To paraphrase Kurt Vile: you know us, we’re around.

Over at The Awl, Max Rivlin-Nadler weighs in on the shifting trends and fortunes of our nation’s funeral parlors:

In the past twenty years, funeral directors have had to transform from presenters of a failed organism, where the sensation of closure is manifest in the presence of the deceased body, to the arbitrators of the meaning of a secular life that has just been reduced to ash.

At Splitsider, Contributing Editor Michael Schapira discusses the best book he’ll read (also the best book I’ll read) in 2012: Alan Partridge’s, I, Partridge:

Or perhaps it is the peculiar completist mentality that is so prevalent amongst comedy fans (the pressure leading to the Arrested Development and Party Down movies are perfect examples of this).
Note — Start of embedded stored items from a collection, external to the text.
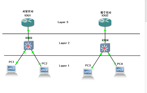PC1과 PC2에서 PC3과 PC4로 PING이 제대로 가는 것을 확인 하였다, 반대로 PC3과 PC4에서 PC1과 PC2로의 PING이 가는 것도 확인 하였다.
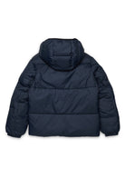 Padded jacket with hood and logo that combines thermal protection and clean design, made for facing cold days with practicality. The logo on the sleeve adds a distinctive detail.
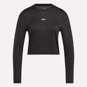 Train hard. look sharp. This women’s Reebok slim-fit crop tee is built for movement with RBK-DRY sweat-wicking fabric that keeps you fresh through every rep. The tapered design hugs your body for a streamlined feel. while 100% recycled polyester brings sustainability into your workout game.
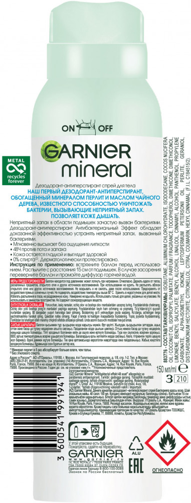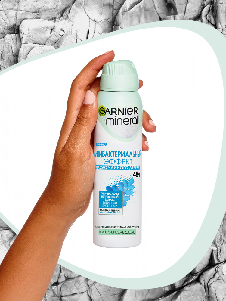 Garnier Дезодорант-антиперспирант спрей для тела «Mineral Антибактериальный эффект 48 ч»В данный момент этот товар отсутствует в продаже. Возможно, у нас найдется аналогичный или похожий товар здесь. Активная формула с экстрактом чайного дерева уничтожает 99,9% бактерий, вызывающих неприятный запах, а уникальный компонент Минерал Перлит, известный своими абсорбирующими свойствами, обеспечивает максимальную защиту от пота и запаха на 48 часов. Позволяет коже дышать, чтобы сохранить ее гладкой и здоровой. |
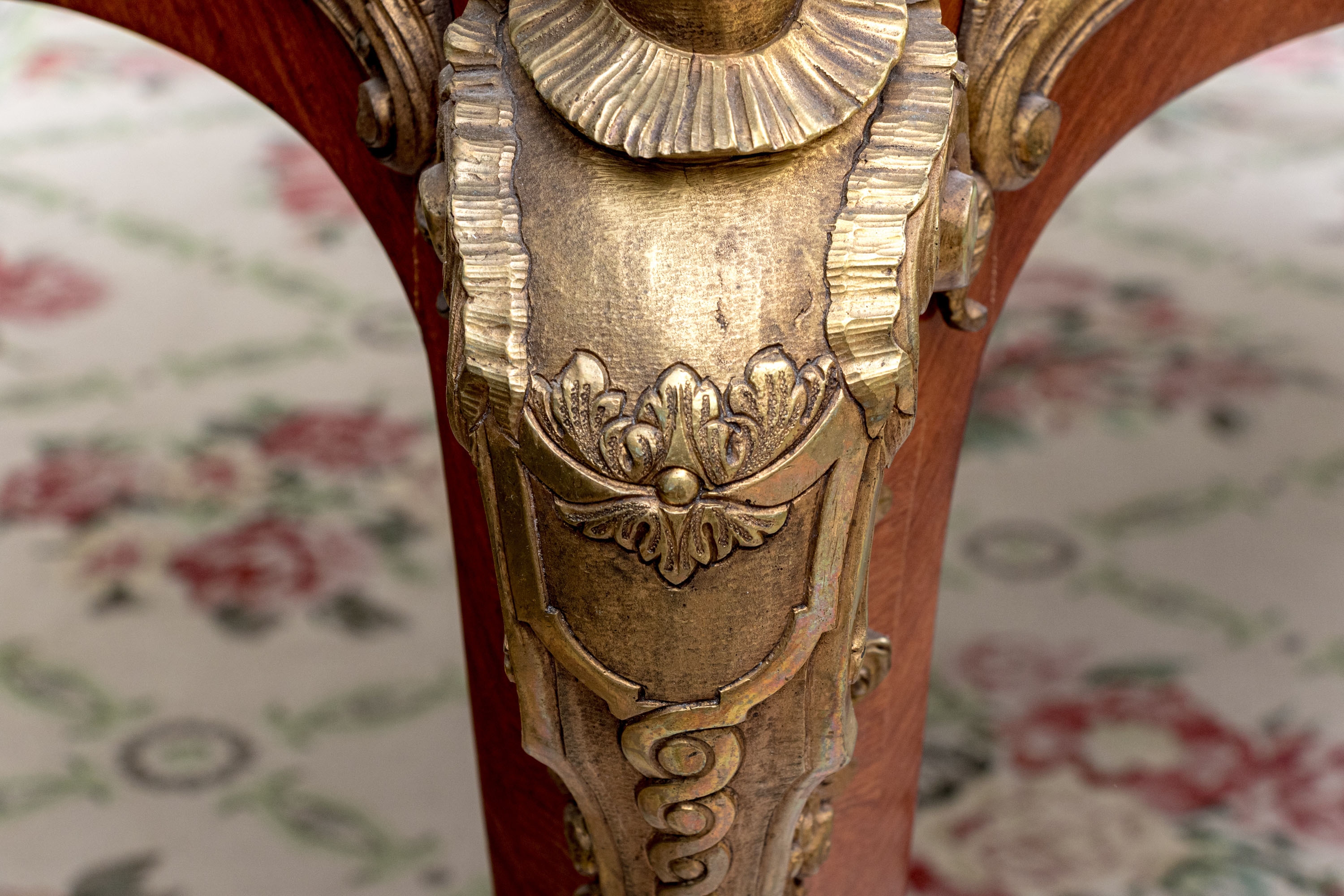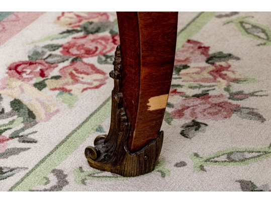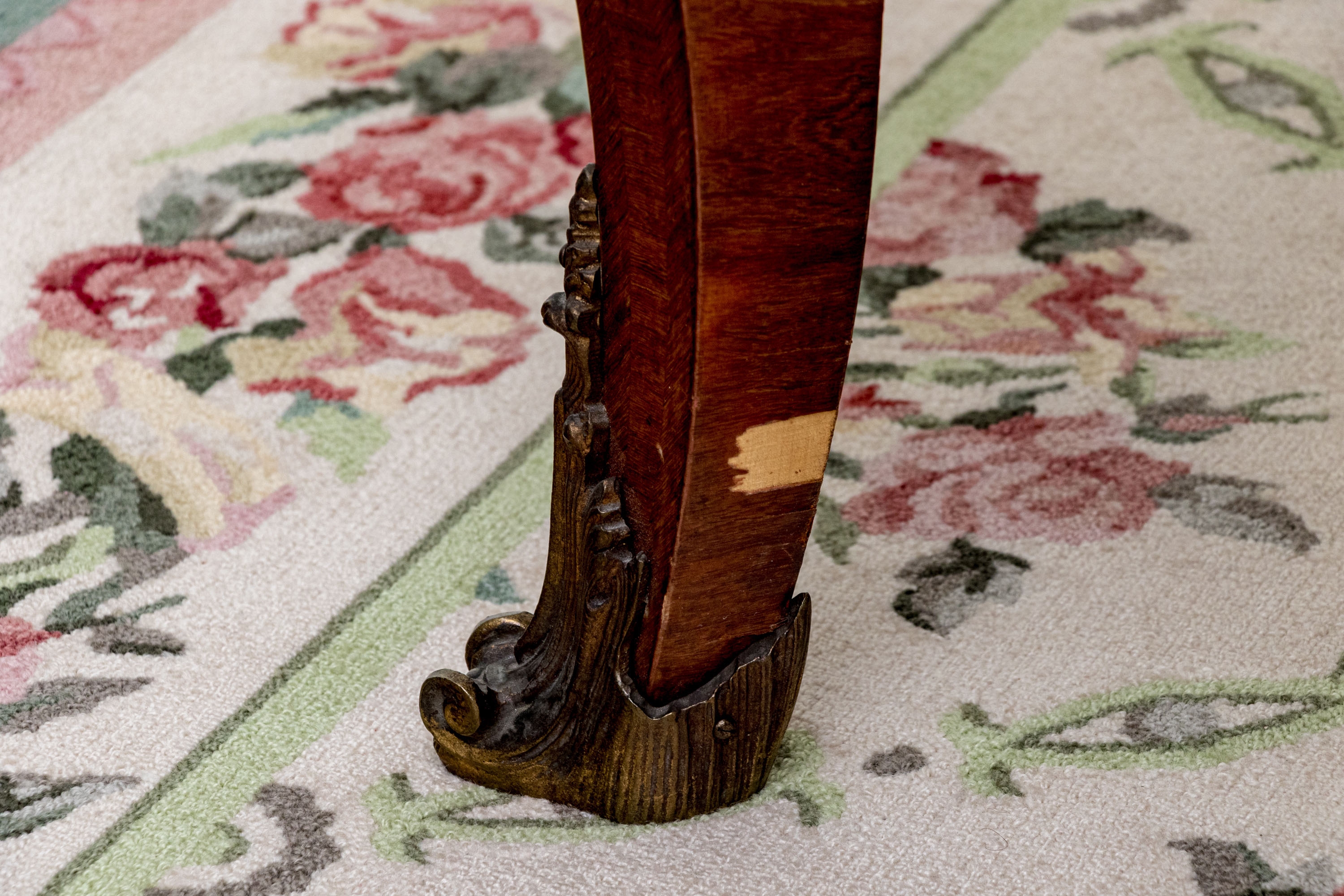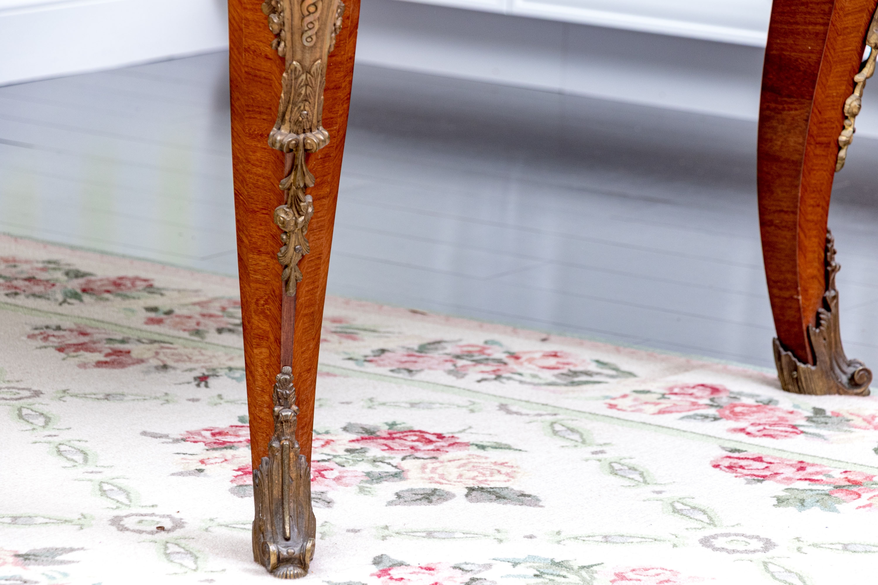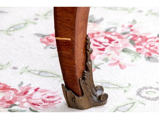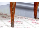 Condition: sporadic losses to the veneer especially at the legs, light ring mark on leather, wear and light scratches along the surround bordering the leather. Please see detail photos for condition.

We’ve have been given plenty of material to build up our own images of Partridge and to see that image push back and take new forms is a wonderful thing.

Because Full Stop is as concerned with The Situation in American Waffles as it is with The Situation in American Writing, Eric Jett and I join an esteemed panel, including friends of the site Michael Schaub and Jacob Silverman, to discuss the present and future of America’s breakfast:

I like to think that my breakfast menu is relatively eclectic, but if I’m being honest, when it’s 8 a.m. and I’m sitting at the kitchen table in my pajamas with a long day ahead of me, I’m a committed continentalist. After all, waffles, with their trademark grids, are the breakfast food most directly influenced by Descartes.